**Exercise brief**:
Find the line with "5pcs Farm Animal" in the records below. Output exactly from there until after the line with "Shimla, Oct 24: The", without pictures.

**Records for this task**:
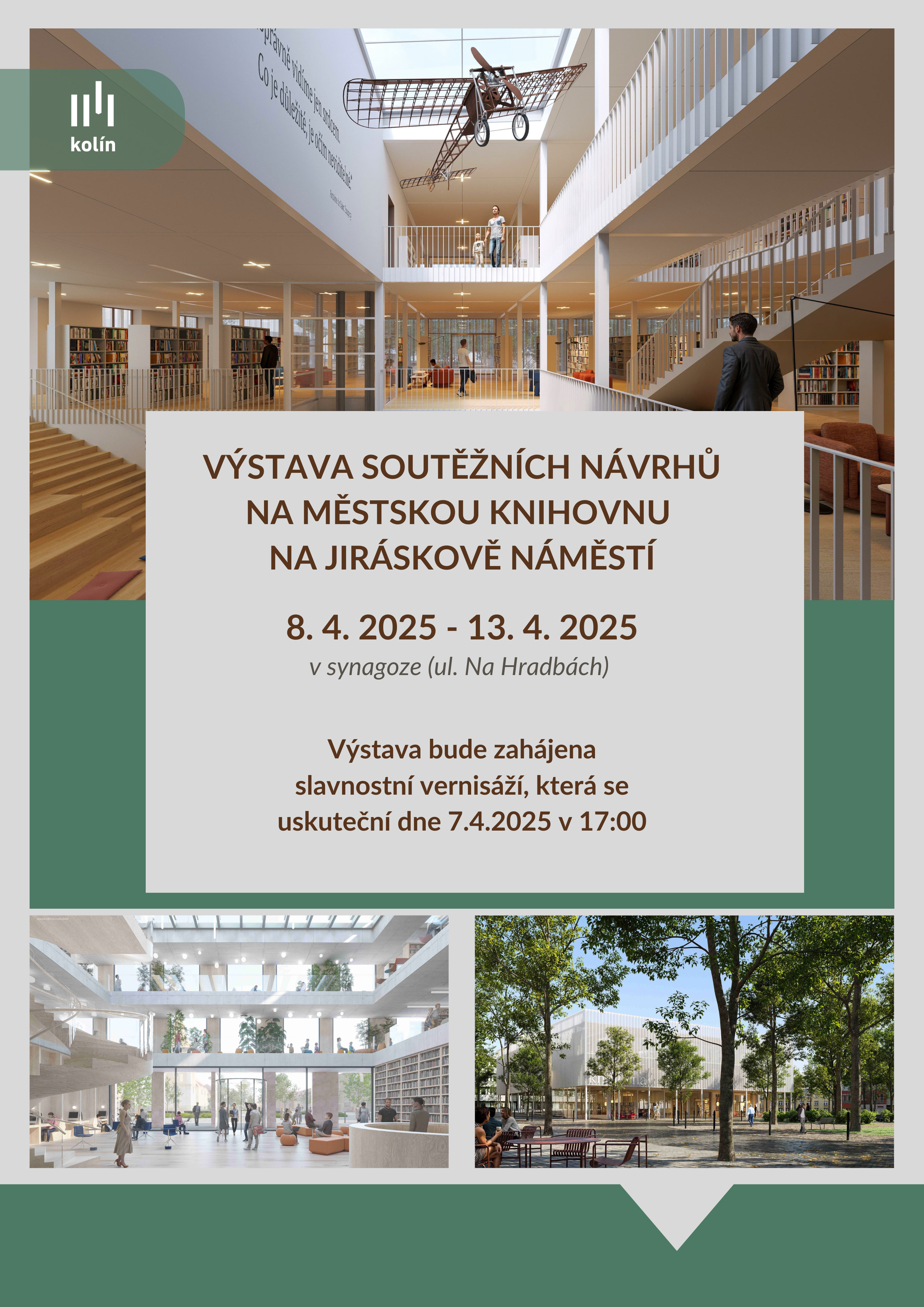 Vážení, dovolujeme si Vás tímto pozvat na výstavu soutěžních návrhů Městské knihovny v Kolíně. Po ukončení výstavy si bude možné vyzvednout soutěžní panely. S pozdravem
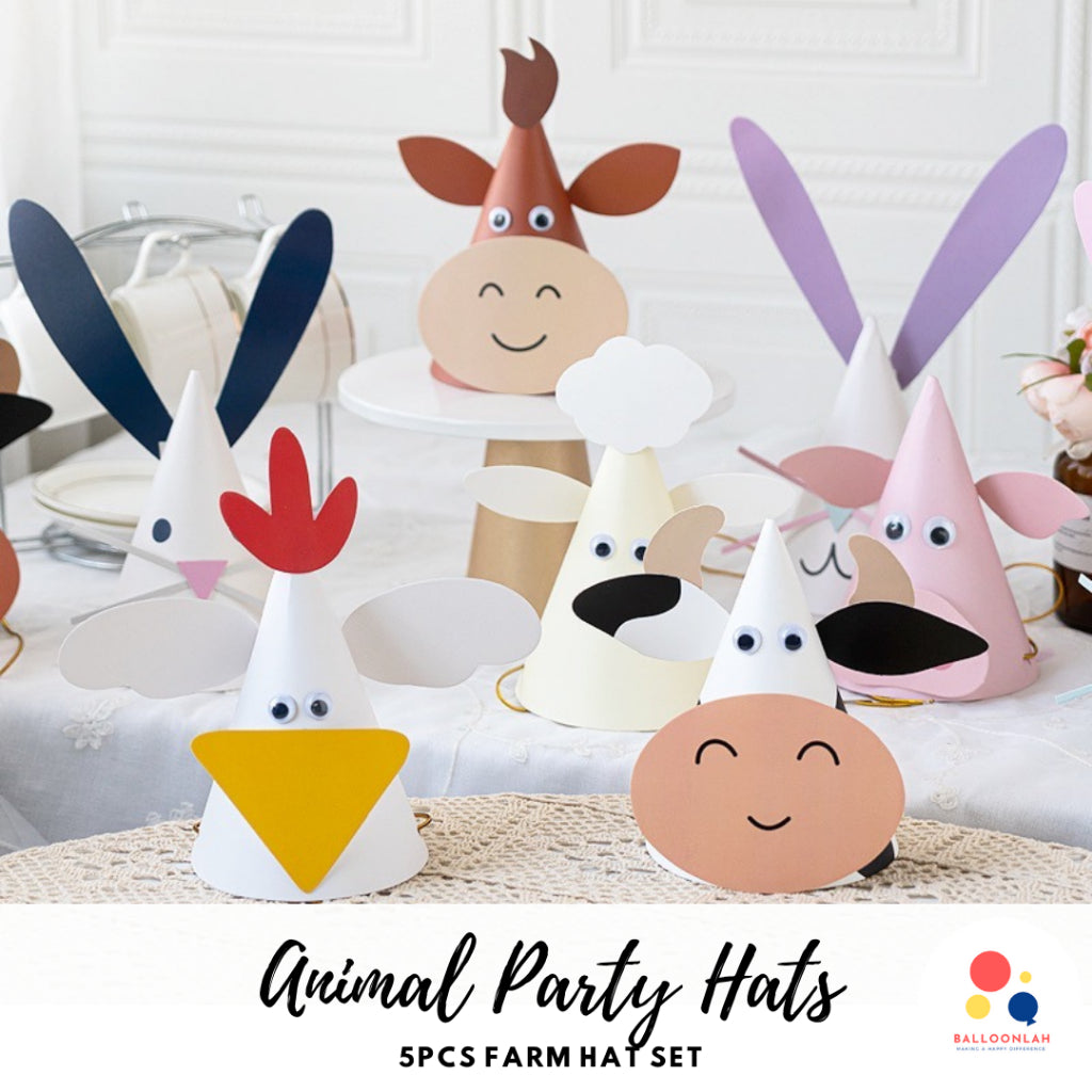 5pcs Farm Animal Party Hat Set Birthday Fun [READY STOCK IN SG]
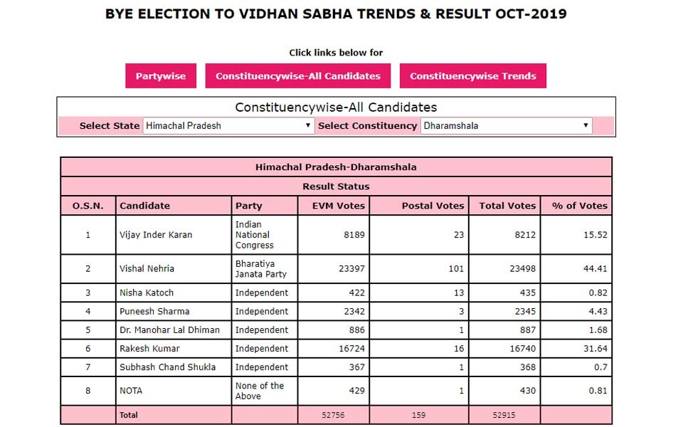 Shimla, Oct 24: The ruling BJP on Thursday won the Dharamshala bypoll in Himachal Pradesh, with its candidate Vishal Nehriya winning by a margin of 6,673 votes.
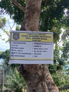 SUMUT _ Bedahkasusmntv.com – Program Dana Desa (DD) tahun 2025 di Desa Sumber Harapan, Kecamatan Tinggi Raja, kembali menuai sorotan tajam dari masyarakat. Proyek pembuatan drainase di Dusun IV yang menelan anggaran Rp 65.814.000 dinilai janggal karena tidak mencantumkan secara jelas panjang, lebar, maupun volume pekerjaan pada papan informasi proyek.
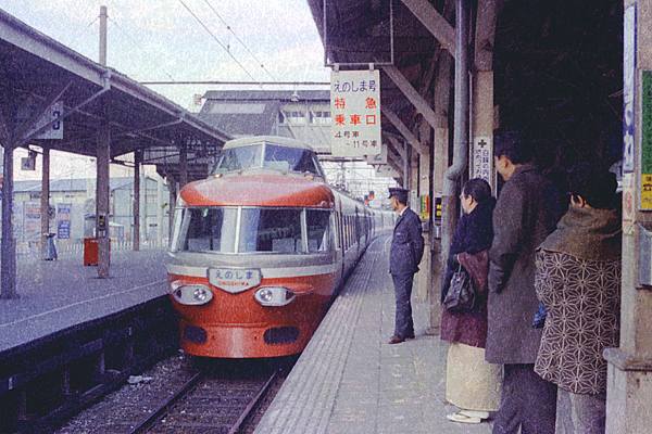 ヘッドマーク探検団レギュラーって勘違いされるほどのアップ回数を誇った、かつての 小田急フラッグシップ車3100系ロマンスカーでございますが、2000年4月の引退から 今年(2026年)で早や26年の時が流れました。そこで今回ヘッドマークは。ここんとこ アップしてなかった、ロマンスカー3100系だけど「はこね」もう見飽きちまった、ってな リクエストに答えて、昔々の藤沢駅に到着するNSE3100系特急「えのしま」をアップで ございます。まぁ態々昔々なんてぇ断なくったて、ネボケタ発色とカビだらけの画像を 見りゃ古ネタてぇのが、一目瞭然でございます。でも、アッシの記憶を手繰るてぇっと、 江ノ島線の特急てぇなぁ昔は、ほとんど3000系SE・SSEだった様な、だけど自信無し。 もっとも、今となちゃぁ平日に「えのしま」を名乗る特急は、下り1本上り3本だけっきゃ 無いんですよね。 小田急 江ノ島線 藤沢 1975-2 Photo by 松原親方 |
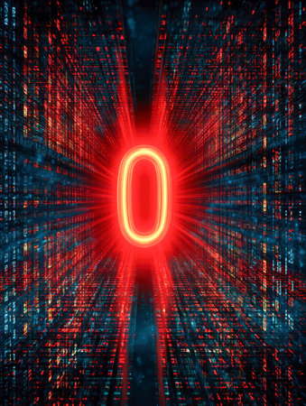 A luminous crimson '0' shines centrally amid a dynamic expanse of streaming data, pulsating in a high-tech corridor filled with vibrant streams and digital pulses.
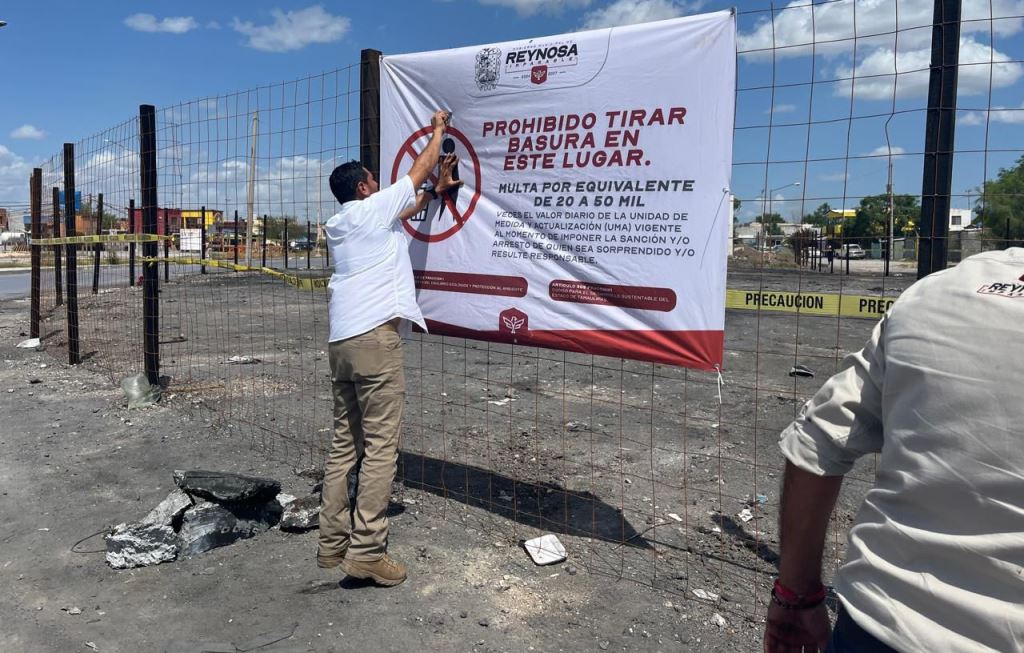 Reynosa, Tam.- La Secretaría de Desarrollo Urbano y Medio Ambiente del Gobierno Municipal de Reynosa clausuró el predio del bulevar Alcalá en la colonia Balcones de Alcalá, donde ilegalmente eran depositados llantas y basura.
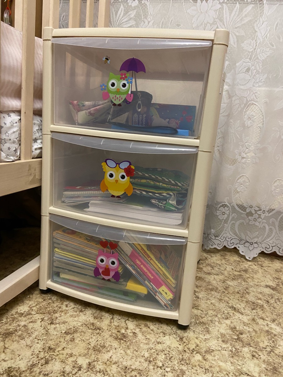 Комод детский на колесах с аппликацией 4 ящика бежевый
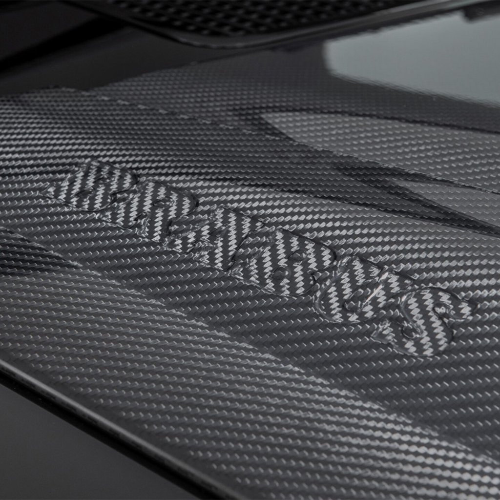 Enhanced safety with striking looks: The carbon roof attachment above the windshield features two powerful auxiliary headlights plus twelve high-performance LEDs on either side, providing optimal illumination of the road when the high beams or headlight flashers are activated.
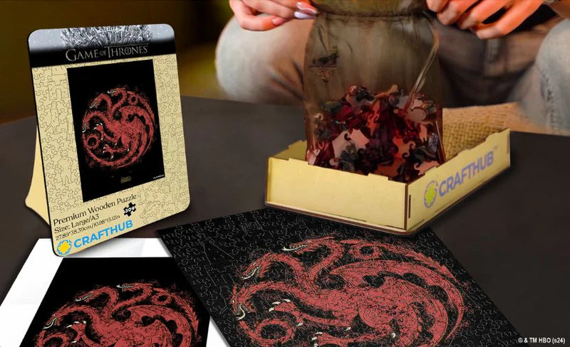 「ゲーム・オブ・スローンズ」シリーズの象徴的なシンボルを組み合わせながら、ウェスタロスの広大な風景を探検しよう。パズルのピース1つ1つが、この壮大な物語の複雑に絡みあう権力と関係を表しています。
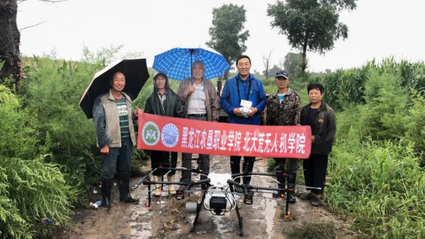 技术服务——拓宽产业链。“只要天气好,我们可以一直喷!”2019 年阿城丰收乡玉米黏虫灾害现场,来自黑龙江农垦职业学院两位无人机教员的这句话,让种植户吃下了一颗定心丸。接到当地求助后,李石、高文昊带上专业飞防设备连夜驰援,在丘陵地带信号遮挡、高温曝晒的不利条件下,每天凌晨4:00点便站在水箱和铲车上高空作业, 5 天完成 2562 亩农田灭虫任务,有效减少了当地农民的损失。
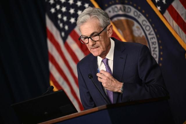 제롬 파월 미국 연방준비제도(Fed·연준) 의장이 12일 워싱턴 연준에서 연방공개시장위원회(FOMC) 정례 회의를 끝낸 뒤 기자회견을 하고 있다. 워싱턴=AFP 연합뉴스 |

**Solved problem**:
 5pcs Farm Animal Party Hat Set Birthday Fun [READY STOCK IN SG]
 Shimla, Oct 24: The ruling BJP on Thursday won the Dharamshala bypoll in Himachal Pradesh, with its candidate Vishal Nehriya winning by a margin of 6,673 votes.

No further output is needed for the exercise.